À Almaraz, l’inquiétude grandissante face à la fermeture de la centrale nucléaire espagnole

Dans le village d’Almaraz, en Espagne, l’avenir de la plus grande centrale nucléaire du pays suscite de vives inquiétudes. Alors que le gouvernement doit se prononcer avant cet automne sur la fermeture prévue de l’installation, la communauté locale redoute un désastre économique et social. La centrale, qui fournit 7 % de l’électricité nationale, est au cœur des préoccupations des habitants, des employés et des entrepreneurs de la région.

EN BREF

  • La fermeture de la centrale d’Almaraz, prévue pour 2028, est contestée par des actionnaires.
  • Des centaines d’emplois et une vitalité économique menacés dans la région d’Estrémadure.
  • Un collectif local milite pour le maintien de l’activité de la centrale et l’avenir des habitants.

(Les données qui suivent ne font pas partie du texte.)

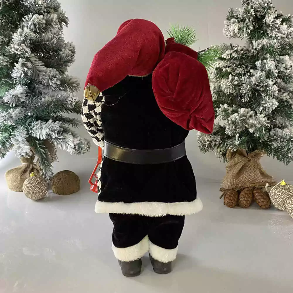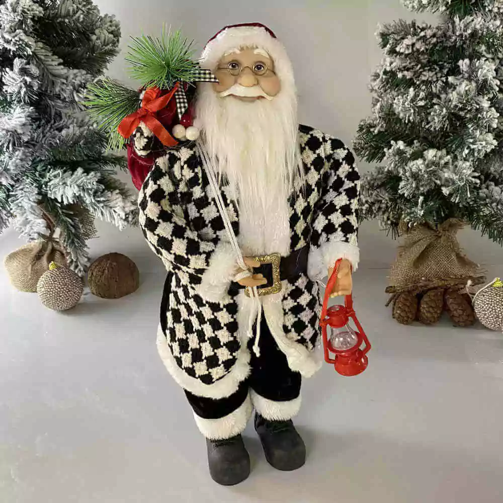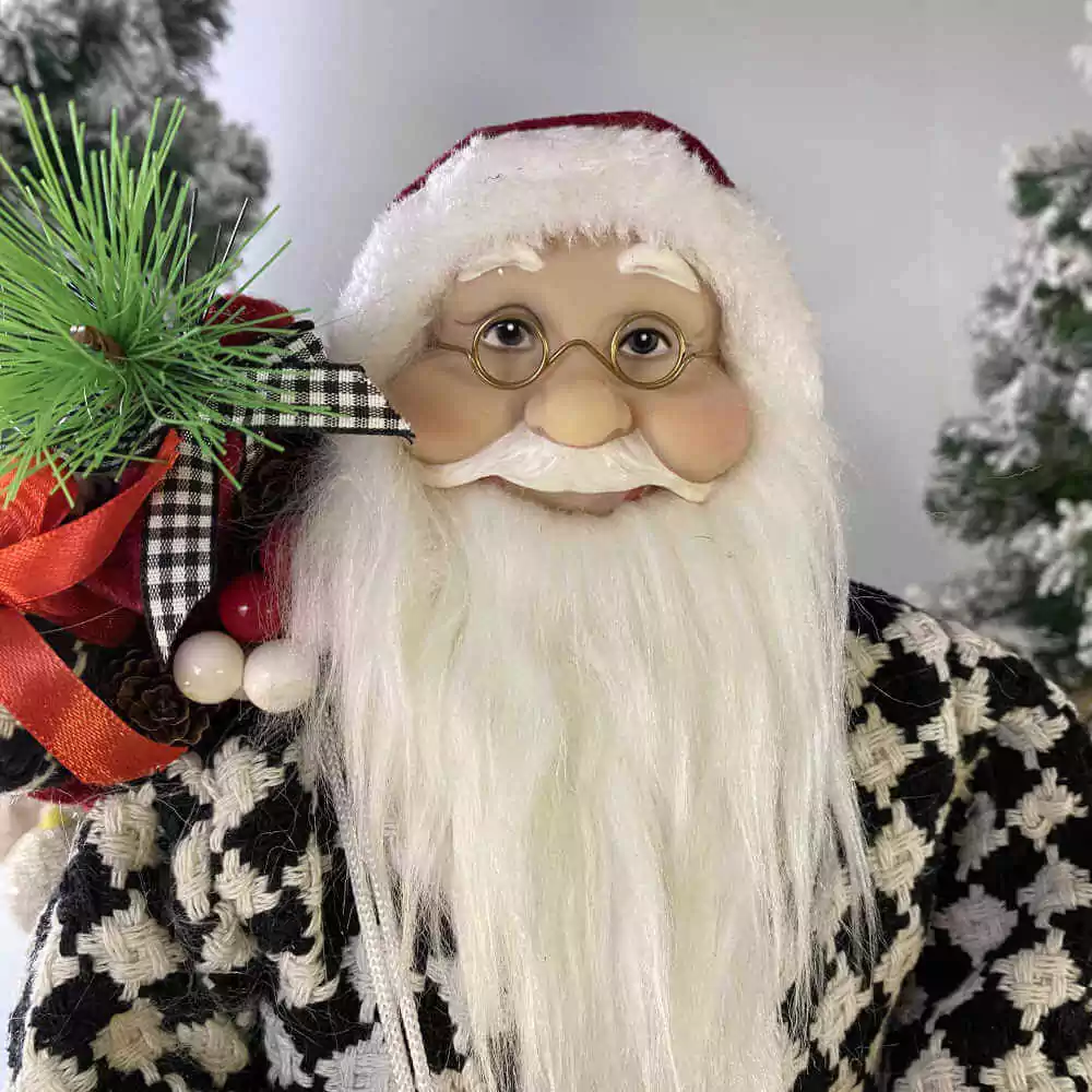Papai Noel estilo realista com roupa xadrez preta e branca e um lindo gorro vermelho.

José Antonio Morgado, un mécanicien de 59 ans, témoigne de ses craintes alors qu’il savoure un repas dans le restaurant local, lieu de rencontre pour les nombreux employés de la centrale. Travaillant sur le site depuis 1989, il évoque l’impact financier que pourrait avoir la fermeture de la centrale, qui représente des salaires élevés dans une région défavorisée. « C’est triste qu’ils veuillent la fermer », confie-t-il, soulignant l’importance de la centrale pour sa vie professionnelle.

La centrale, inaugurée dans les années 1980, est un pilier économique pour le village d’Almaraz, comptant environ 1 500 habitants. David Martín, le gérant du restaurant, estime que la fermeture de la centrale entraînerait une chute drastique du nombre de repas servis, rendant l’avenir de son établissement incertain. « Ce serait un désert ici », met-il en garde.

Face à cette situation, un collectif citoyen, intitulé « Sí a Almaraz, Sí al Futuro », a été formé début 2025. À sa tête, Fernando Sánchez Castilla, un employé de la centrale et maire d’une commune voisine, avertit que « des dizaines de communes sont condamnées à disparaître » si la centrale ferme. Il souligne que l’activité de la centrale représente 5 % du PIB régional et génère environ 4 000 emplois directs et indirects.

Quant à la centrale elle-même, elle a récemment obtenu un niveau d’excellence international en matière de sûreté nucléaire, selon Patricia Rubio Oviedo, responsable technique. Elle insiste sur le fait que l’énergie nucléaire joue un rôle crucial dans la stabilité de l’approvisionnement électrique, surtout quand les énergies renouvelables sont soumises à des fluctuations de production.

Pourtant, le gouvernement espagnol, dirigé par le Premier ministre Pedro Sánchez, semble s’engager vers une transition énergétique entièrement renouvelable. L’exécutif vise à réduire la part de l’électricité nucléaire à zéro d’ici 2035, tout en augmentant la part des énergies renouvelables à 81 % d’ici 2030. Cette volonté pourrait être mise à mal par les récentes recommandations de la Commission européenne, qui plaide pour le maintien des capacités nucléaires existantes.

Francisco del Pozo Campos, représentant de Greenpeace Espagne, appelle le gouvernement à faire preuve de courage en maintenant l’activité de la centrale. Il met en avant les enjeux financiers, notamment un surcoût potentiel pour les consommateurs et des pertes d’investissements dans les énergies renouvelables si la fermeture était décidée trop tôt.

Un avis technique de l’Autorité de sûreté nucléaire espagnole (CSN) est attendu en juillet, avant que le ministère de la Transition écologique ne rende sa décision finale d’ici fin octobre. En attendant, le ministère indique qu’il travaille sur des mesures d’accompagnement pour les travailleurs d’Almaraz, notamment des projets de reconversion professionnelle, comme l’ouverture d’une usine de batteries pour véhicules électriques à proximité.

Cependant, cette promesse ne semble pas suffire pour apaiser les inquiétudes des habitants. David Martín se demande : « Si ces familles s’en vont, qu’allons-nous faire ? » La situation à Almaraz reste donc précaire, entre espoir et incertitude, alors que le sort de la centrale pourrait sceller l’avenir d’une communauté déjà fragilisée.